Für DSA ist das schlechte daran, dass man eben schnell Systeme mit leichteren/besseren Regeln, mehr Möglichkeiten und mehr Freiheiten findet, an denen neue Spieler eher hängen bleiben, während sie an DSA abprallen.
Diese Abprallwirkung wird durch eine rauere Diskussionskultur und das typische, oben genannte Beispiel eines Threads noch bestärkt.

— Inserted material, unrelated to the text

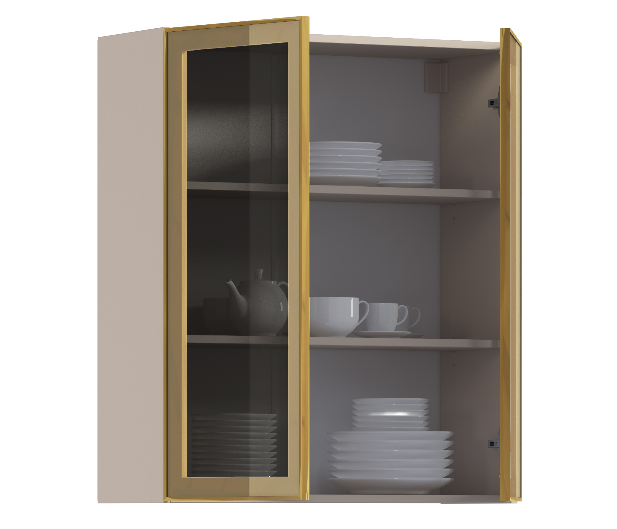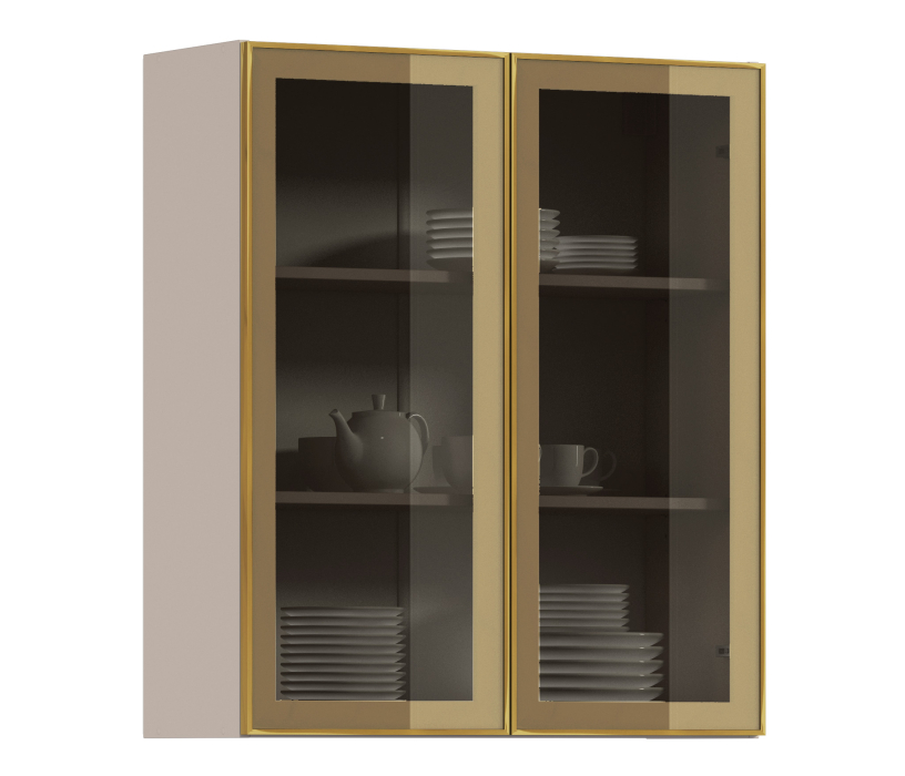 Комплект включает в себя корпус кухонной полки (песочного цвета) с необходимой фурнитурой, фасад из алюминиевой рамки золотого цвета и бронзового стекла, а также ручку, соответствующую цвету рамки фасада.
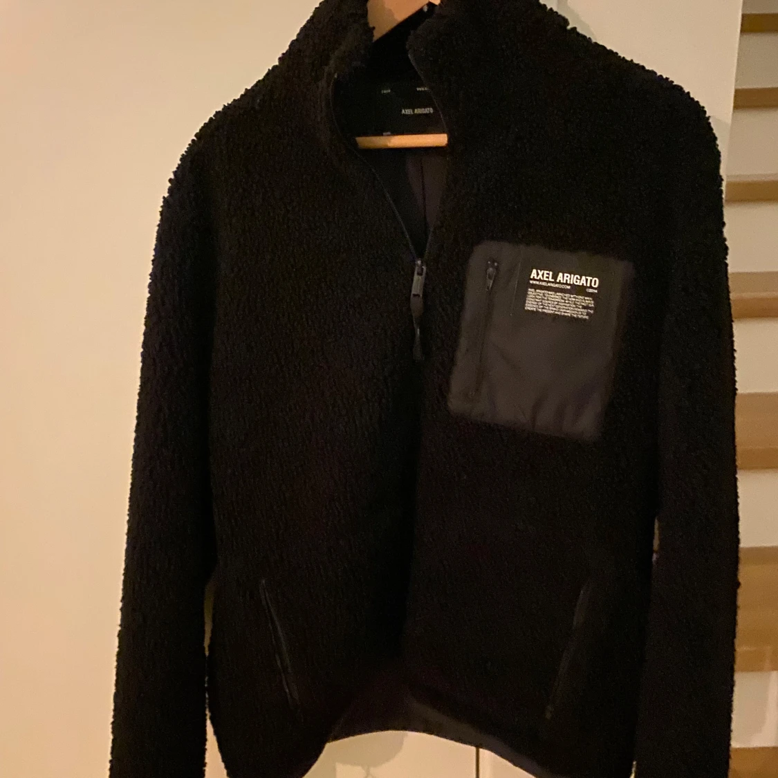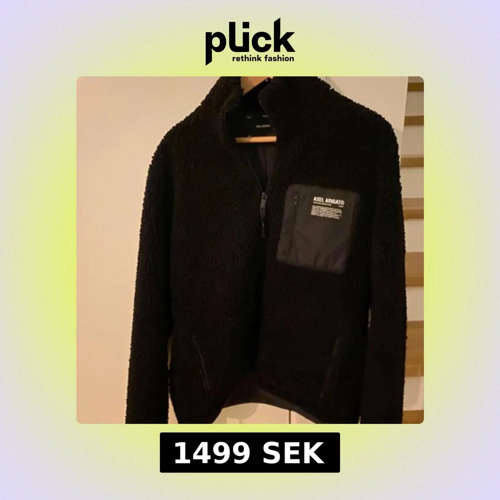 Säljer en svart fleecejacka från Axel Arigato med hög krage och dragkedja. Jackan har en bröstficka med dragkedja och tryckt logga samt två sidofickor. Perfekt för lager-på-lager och chill vardagsstil. Fler bilder kan självklart lösas!

Ich fasse mir da durchaus auch an die eigene Nase. Auch wenn ich mich erst seit ein paar Jahren mit DSA beschäftige, verstehe ich den Reiz der Detailtiefe. Es gibt für fast alles irgendwo eine Setzung, eine Quellenangabe oder eine Antwort der Redaktion. Das sorgt zum einen dafür, dass jeder ein recht klares Bild von Aventurien im Kopf hat... dummerweise sorgt es bei unklarer Quellenlage oder Grauzonen dafür, dass man herrlich stundenlang über die Unterschiede in diesem geistigen Bild diskutieren kann. Wenn man im Thema drin ist, macht das durchaus Spaß... andererseits ist es manchmal zugegebenermaßen auch lächerlich über welche Details man sich da auslässt. Kein Wunder, das dies abschreckend auf Neueinsteiger wirkt.
"Ich habe doch nur gefragt, ob mein Thorwaler Magier auch eine dieser coolen Krötenhaut-Rüstungen tragen kann. Wieso streiten diese Irren sich nun 3 Seiten lang über 'Bann des Eisens', das spezifische Gerüst der Rüstung, das Gesamtgewicht der Metallnieten und die Bruchfestigkeit falls man Horn- oder Knochennieten verwenden würde?!" Dramatisiert. Erlebnis frei erfunden.
Ich fürchte nur (ein wenig zynisch), das sich dies nicht ändern lässt.
Foren sind ohnehin ein überaltetes Internetphänomen. Discord, TikTok und sicher auch anderes, bei dem ich nicht mehr ganz Schritt halte, sind die moderneren Plattformen. Einen großen Strom neuer Stimmen kann man nicht erwarten, die hauptsächliche Belebung und Diskussion bleibt daher größtenteils bei den 'Urgesteinen'. Was die Detailtiefe der Diskussion und die teils festgefahrenen Meinungen verstärkt, was wiederum eine abschreckende Wirkung hat.